Piebald
The second annual Wrecking Ball ATL festival is being marketed as “one final blowout” for the current location of the Masquerade, one of Atlanta’s most essential live music venues. Continued gentrification in the Old Fourth Ward neighborhood has pushed the venue out of its home in the old Excelsior Mill on North Avenue and into a new location in West Midtown.
While it’s reassuring to know the Masquerade will live on elsewhere, it will be hard to say goodbye to the incredibly unique two-story building that has produced countless music memories over the last 25 years. Here are five acts we feel will properly commemorate the club as they rock its variety of stages for the last time.
Heaven: Piebald (Saturday, 6:35 p.m.)
Piebald’s initial 15 years of existence, before its 2007 breakup, was one of the best runs of any emo band from the '90s. Starting in the Boston hardcore scene, Piebald eventually shifted its sound and become one of the definitive emo bands of a generation. The group’s early albums, as well as its various single compilations, are considered classics of the genre. This reunion is one of many at this year's Wrecking Ball, which is banking heavily on ’90s nostalgia. Expect Piebald to tear the house down upstairs on the Heaven stage, similar to Braid’s amazing performance last year.
Purgatory: Diet Cig (Saturday, 7:05 p.m.)
The New York duo of singer and guitarist Alex Luciano and drummer Noah Bowman is on the edge of breaking out into something big. The Masquerade’s smallest stage is often used to showcase smaller local bands or touring acts just getting their feet wet. It’s not uncommon to see bands move their show from Purgatory to Hell to accommodate ticket sales, a moment that feels like a rite of passage for touring groups. Still, nothing beats the sometimes uncomfortable intimacy and occasionally obstructed view of Purgatory, and it should be the perfect venue for Diet Cig’s funny, wonderfully personal brand of clumsy indie-pop.
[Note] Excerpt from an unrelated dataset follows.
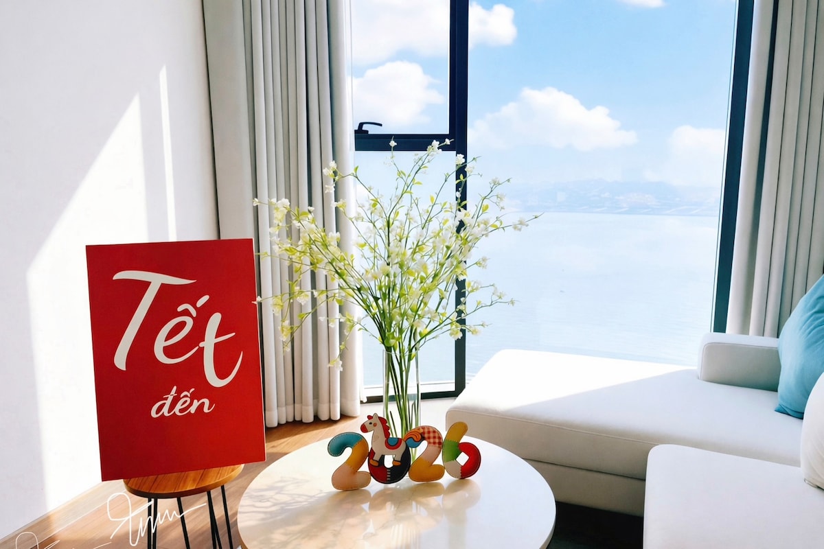 Experience Ha Long Bay's beauty from the 25th floor. Enjoy the cool breeze all day through large South-facing windows. This apartment has modern furniture, kitchen, bathroom, a queen size, and a large wooden bed for Japanese tea sets. This can be converted into a sleeping bed, allowing 2 more people to sleep. The living room has a 48 in. HD TV, internet, air conditioner, fan, wardrobe, washing machine, microwave, rice cooker, kettle, dishes. The bathroom has hot water and full amenities.

Hell: Foxing (Sunday, 5:50 p.m.)
The St. Louis emo band is no stranger to the Hell stage, which has come to be one of the premier showcases for bands associated with what was once referred to as the “emo revival.” Emo never went away, but around 2013, bands like Foxing, Modern Baseball and The World Is a Beautiful Place and I Am No Longer Afraid to Die restored the genre to prominence. That’s not to say Foxing is strictly an emo act. Over the course of its two albums, Albatross and The Dealer, the group has incorporated elements of post-rock, ambient and electronica on top of its base emo sound. The band’s live show is more likely to remind you of Sigur Rós than Sunny Day Real Estate, adding an important layer that doesn’t always come across on the records.
The Great Outdoors: Dinosaur Jr. and Thursday (Sunday, 6:45 and 7:45 p.m.)
This year, Wrecking Ball will have two outdoor stages. While you should really make sure to say goodbye to the interior of the Masquerade’s current location, the outdoor lineup is absolutely stacked, and we would be remiss to not give you a few recommendations.
First we have Dinosaur Jr., the legendary Massachusetts rock band that somehow keeps reaching new heights. After an extended hiatus from 1997–2005, the group reunited and has since released a string of albums that are arguably as good as or better than anything it released prior. This set will be coming directly off the release of the band’s excellent new album, Give a Glimpse of What Yer Not, and should pull heavily from that release.
Directly after Dinosaur Jr. is the freshly reunited Thursday. After a tumultuous breakup in 2011, the influential post-hardcore band was seemingly fractured beyond repair. However, after a lot of convincing and negotiating, Wrecking Ball seemed to mend whatever had broken between the band members, initiating a last-minute reunion. Only a few more shows have been announced, and Wrecking Ball will be your first chance to see Thursday in over half a decade.